Said ginger ale was Fentiman's and the juice was a locally-sourced apple and rhubarb. That tells you a lot about this place. The menu changes daily, and is small (no starters, 7 mains, 3 sides and 3 desserts) but seasonal and well-chosen. Predominantly English flavours are presented with continental clarity. Cold beef and horseradish in a crusty roll, mushroom soup; braised leg of pork with squash and chilli and creme fraiche; Jerusalem artichoke, brocolli and cheddar bake. They try to use locally-sourced, free-range, fair trade products, and you can tell by the taste: the mains are small but perfectly formed portions of real food, taking full advantage of simple, straightforward, well matched flavours.
Two half-slices of good bread (one white, one brown) with butter, is a pound, and serves as a fine starter, which is good because it's the only one on offer. I have to admire, actually, the way they've resisted offering the standard olives / meat platter / pitta and houmous starter selection one might expect. Not a sundried tomato in sight.
I had the grilled sardines with endive, chilli, capers and lemon, and my companion had the ham hock terrine with celeriac remoulade and a roll. We shared seasonal greens, which turned out to be fresh young butter-kissed kale and was absolutely delicious. The endive was a bit of a revelation. I've always thought of it as a fundamentally boring vegetable, but this was a little like roast parsnip and a little like caramelised onion and a little like steamed chinese cabbage, and fell naturally into tender, succulent sections. The celariac remoulade was indistinguishable from ordinary good coleslaw, and the ham terrine was fine but not specially exciting. Everything was just a touch over-salted, which I have to admit was fine by me but it is sort of cheating. We saw a fennel, cucumber and carrot salad (with mint and yogurt dressing) go past and it looked huge and amazing. Remarkably, the mains average at around £7, which for ethical food in Oxford is pretty good. There's also a 15% discount for students and friends of the Hub.
Being cheap, ethical and slightly more business-like than cuddly, the place is packed with the yuppies of the future and the hippies of the past. Nick Drake and Belle and Sebastian create alpha brainwaves unobtrusively in the background.

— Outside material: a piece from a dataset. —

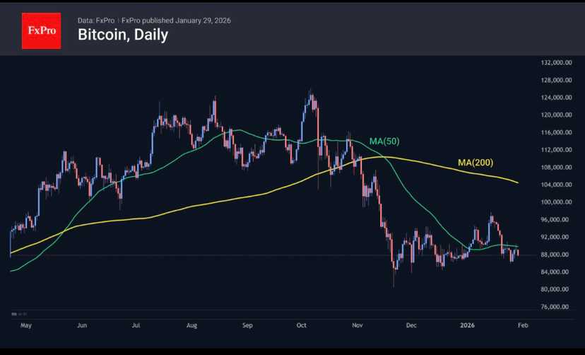 W Bitcoinie w środę wieczorem realizowano kolejną porcję transakcji sprzedaży w próbach rynku, by wzrosnąć powyżej 90K $, nieudanie próbując wrócić powyżej 50-dniowej średniej ruchomej. Ta krzywa łagodnie się zakrzywia w dół, dodatkowo wzmacniając argumenty niedźwiedzi. Z drugiej strony, BTC jeszcze nie rozpoczęło aktywnego spadku po konsolidacji. Formalnym sygnałem do startu może być złamanie wsparcia w pobliżu 85K $. Ważne pytanie, jeśli metale nagle się odwrócą w dół, czy to pomoże kryptowalutom, przywracając do nich zainteresowanie, czy jeszcze bardziej zaszkodzi? Skłaniamy się ku drugiej opcji z powodu potencjalnego delewarowania, niebezpiecznego dla wszystkich ryzykownych aktywów na pierwszym etapie. To stan zugzwang, w którym następny ruch tylko pogarsza sytuację.

Thespy and clean-cut students and lightly-bearded North and East Oxford types chatter happily at high volume and the ambience is busy but upbeat.
The loos are out into the main building and downstairs, and are freshly painted, clean and well-stocked, and there's a Dyson hand-drier. Someone has cared about the background details here. Corners have been cut to keep the costs down (cutlery and napkins are set out in DIY pots, pub style; you may have to share a table), but they're always the inessential corners.
We shared a chocolate tart and had a flat white and a double espresso. The tart was all right but not as astounding as it should have been for the calories: satisfactorily dense but not sufficiently bitter. Without the creme fraiche it would have been uncompromisingly one-dimensional. Fortunately it came with creme fraiche. The coffee was excellent.
They'll "try to accommodate" special diets, but it's not somewhere I'd take anyone vegan or gluten/dairy/nut free. Great place to take a vegetarian though: three out of the seven mains were veggie. Altogether a really sensible, intelligently-run place, one that doesn't try to ingratiate itself but keeps the love where it should be - in the cooking.